In the five HCWs previously infected with SARS-CoV-2, a higher antibody level was observed in those who tested positive in December than those who tested positive in October. Previous studies have shown that mRNA vaccines elicit rapid immune responses in seropositive individuals with post-vaccine antibody titres that are comparable to, or exceed titres in naïve individuals vaccinated with two doses [9,10]. The positive HCWs were infected in the family environment and this confirms that adhering to the workplace preventive measures is crucial to mitigate the risk of COVID-19. Moreover, the two positive HCWs were asymptomatic, confirming the protective effect of the vaccine against the SARS-CoV-2 disease.

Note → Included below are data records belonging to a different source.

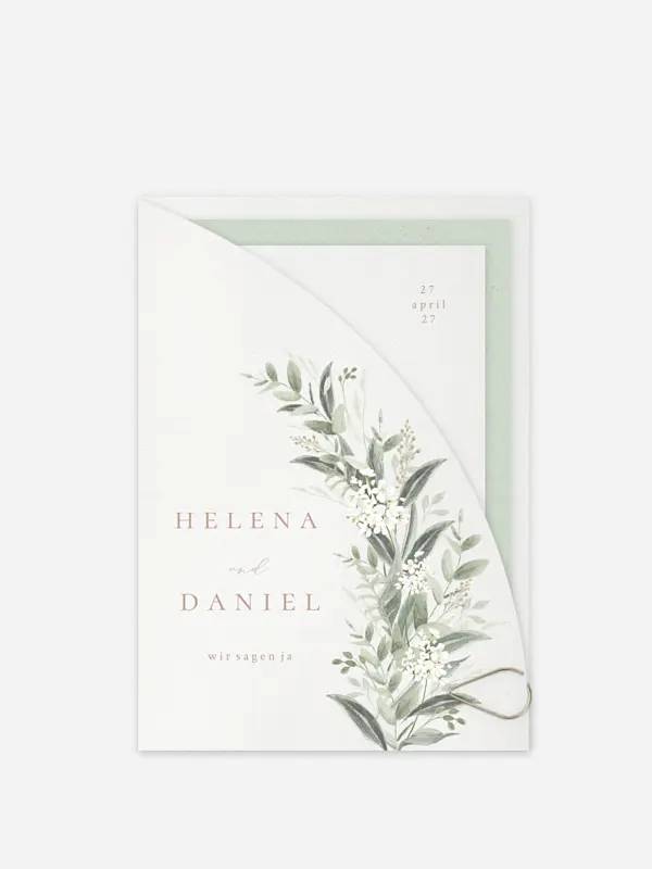 Handgemalte Greenery-Elemente bilden den Fokus auf der Hochzeitseinladung "Beauty of Nature".
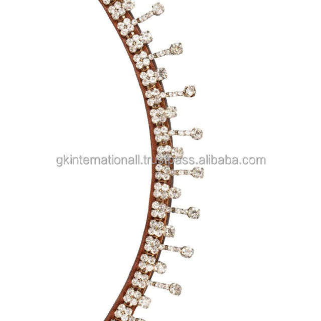 Tan Brown Genuine English Saddle Leather Horse Brow Band Decorated with Luxury Hanging Crystal Diamante Chain Dressage Brow Band
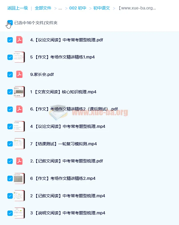 初中语文名师机构课程作业帮作业帮【寒】三位一体:中考语文读写满分班(何铮铮)-百度网盘资源下载地址由网盘用户[lan****ke3]分享,包含pdf,mp4等格式共计16个文件,文件大小为4.83GB,分享时间2024-10-23,此百度网盘资源由搜课100网盘搜索引擎收集整理。...

In a study investigating COVID-19 mRNA vaccine effectiveness among HCWs between January and March 2021, 3% tested positive ≥7 days after the second dose with one or more symptoms of COVID-19-like illness [11]. In another study among vaccinated HCWs between December 16, 2020 and February 9, 2021, a SARS-CoV-2 positivity rate of 0.05% has been observed ≥2 weeks after the second dose [12]. Finally, in a prospective cohort study among HCWs who received two doses of BNT162b2 or mRNA-1273, between December 9, 2020 and February 23, 2021, SARS-CoV-2 cases occurred in 0.3% of the sample [13].

The monitoring of humoral immune responses after mRNA COVID-19 vaccination allows us to evaluate the kinetics of anti-SARS-CoV-2 antibodies, paving the way to larger studies to assess the efficacy of different types of vaccines. Moreover, with the appearance of novel SARS-CoV-2 variants that may evade immune recognition, the monitoring of anti-SARS-CoV-2 neutralizing antibodies will provide information on whether changes in the current formulation of vaccines or the administration plans are required to maintain adequate protection against SARS-CoV-2 infection.

Declaration of Competing Interest

The authors declare that they have no known competing financial interests or personal relationships that could have appeared to influence the work reported in this paper.